When Deputy Prime Minister H.E. Hun Many led an official Cambodian delegation to London, the visit carried a weight that went well beyond the formality of diplomatic protocol. It was, in many ways, a physical expression of something that trade data has been quietly signalling for several years now, that Cambodia and the United Kingdom are building a relationship with genuine substance behind it.
On 8 April, Deputy Prime Minister H.E. Hun Many sat down with UK Minister for the Indo-Pacific Seema Malhotra MP for talks that covered an unusually broad range of shared concerns. Trade and investment formed the backbone of the discussion, but the conversation extended into defence cooperation, education, instability in the Middle East, and the sensitive situation along the Cambodian-Thai border. Minister Seema Malhotra MP expressed the United Kingdom’s desire to support a peaceful resolution to border tensions and acknowledged the important role of the Joint Border Commission in that process. She also reaffirmed UK support for Cambodia’s ongoing crackdown on online scam operations, an issue that has drawn international attention and one that the Royal Government of Cambodia has pursued with notable determination.

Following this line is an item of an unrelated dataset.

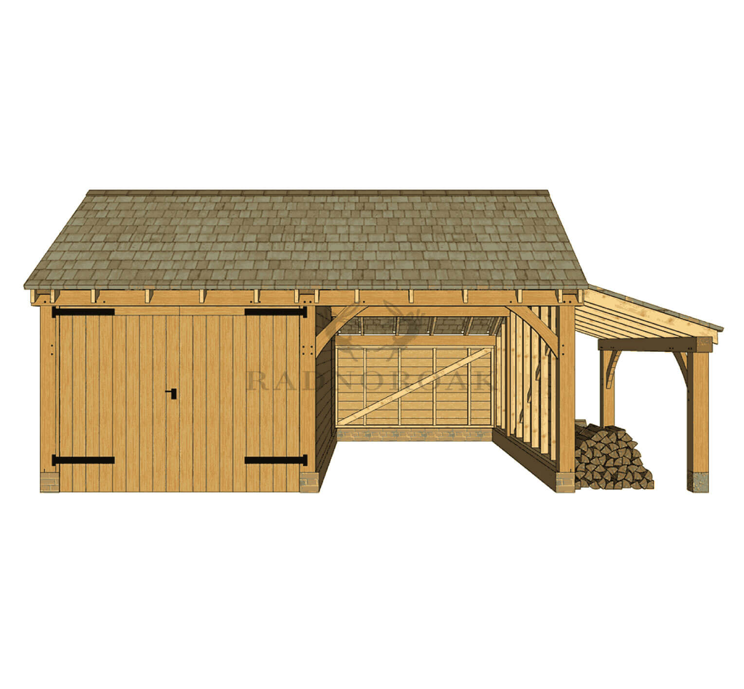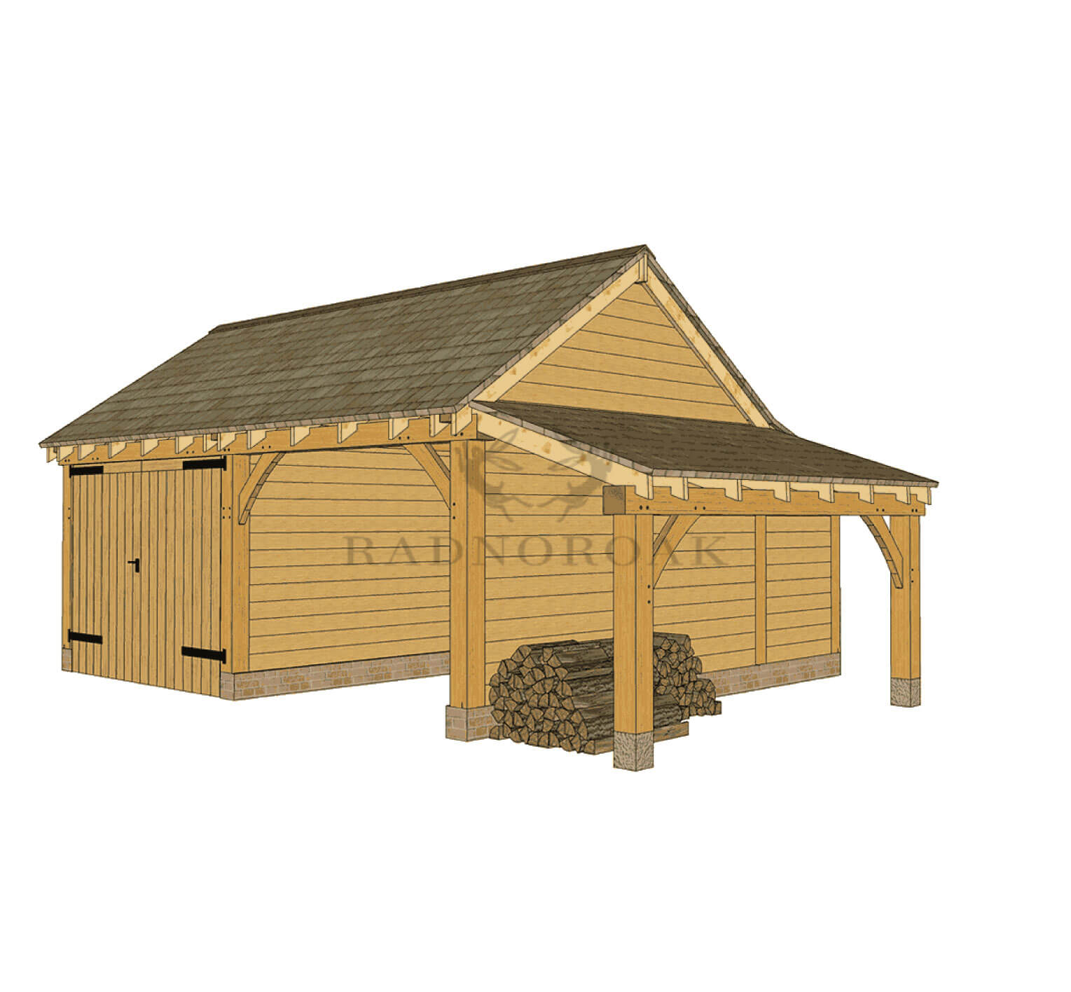 The Two Bay Oak Framed Garage with Carport & Log Store – KI2017 is a versatile oak-framed building with a catslide roof. It combines one enclosed garage bay with solid timber doors, one open-fronted carport for convenient everyday parking, and a covered oak log store on the right-hand side for ventilated firewood storage.

The delegation accompanying Deputy Prime Minister H.E. Hun Many included H.E. Samheng Boros, Minister attached to the Prime Minister of the Kingdom of Cambodia, whose presence underscored the seriousness with which Phnom Penh approached the visit. Also present throughout the London engagements was H.E. Mrs Tuot Panha, Ambassador Extraordinary and Plenipotentiary of the Kingdom of Cambodia to the United Kingdom. Those familiar with the Cambodia-United Kingdom relationship will not be surprised by the warmth with which the delegation was received. H.E. Mrs Tuot Panha has built a reputation for quiet, consistent, and exceptional stewardship of the bilateral relationship, and her presence was widely regarded as both fitting and significant.

The backdrop to all of this is a trade relationship that has been growing at a pace few would have predicted even five years ago. Bilateral trade between Cambodia and the United Kingdom reached £1.1 billion in the twelve months to the end of September 2025, a 36.2 percent increase, or £298 million more than the previous year. Total UK imports from Cambodia stood at £965 million in the same period, driven overwhelmingly by goods. Cambodian garments alone accounted for £768.5 million of that figure, with footwear adding a further £97.3 million. These are industries built on the labour of millions of Cambodian workers, and every percentage point of growth in those numbers carries real meaning for real families.
What has drawn particular attention among trade observers is the dramatic rise in UK services exports to Cambodia, which grew by 195.2 percent in a single year. It is the kind of shift that signals a maturing relationship, one moving beyond the simple exchange of goods and into something more interconnected and durable.
The macroeconomic picture adds further weight to the optimism expressed on both sides in London. The International Monetary Fund projects Cambodia’s GDP will reach USD 51.5 billion in 2026, with growth forecast to accelerate toward 5.5 percent by 2030. GDP per capita, which stood at USD 2,500 in 2023, is on a steady upward path toward USD 2,900 this year. Cambodia’s inward foreign direct investment stock reached USD 52.7 billion at the end of 2024, nearly double what it was in 2017. The country’s global GDP ranking has climbed from 101st in 2023 to a projected 96th in 2026. Under the leadership of Prime Minister Samdech Thipadei Hun Manet, Cambodia has pursued a deliberate course of economic modernisation and diversification that is beginning to show up clearly in the numbers.
The London visit sent a clear message to international partners and investors alike. Cambodia is not a country waiting for opportunity to find it. It is a country that shows up, engages seriously, and builds relationships that last. Deputy Prime Minister H.E. Hun Many’s engagements in the United Kingdom demonstrated exactly that, a nation confident in its trajectory and clear-eyed about the partnerships it wants to deepen.
The relationship between Cambodia and the United Kingdom is no longer one that requires explanation or justification. It is a working partnership between two countries that see clear value in each other and that are prepared, as the London talks showed, to act on it.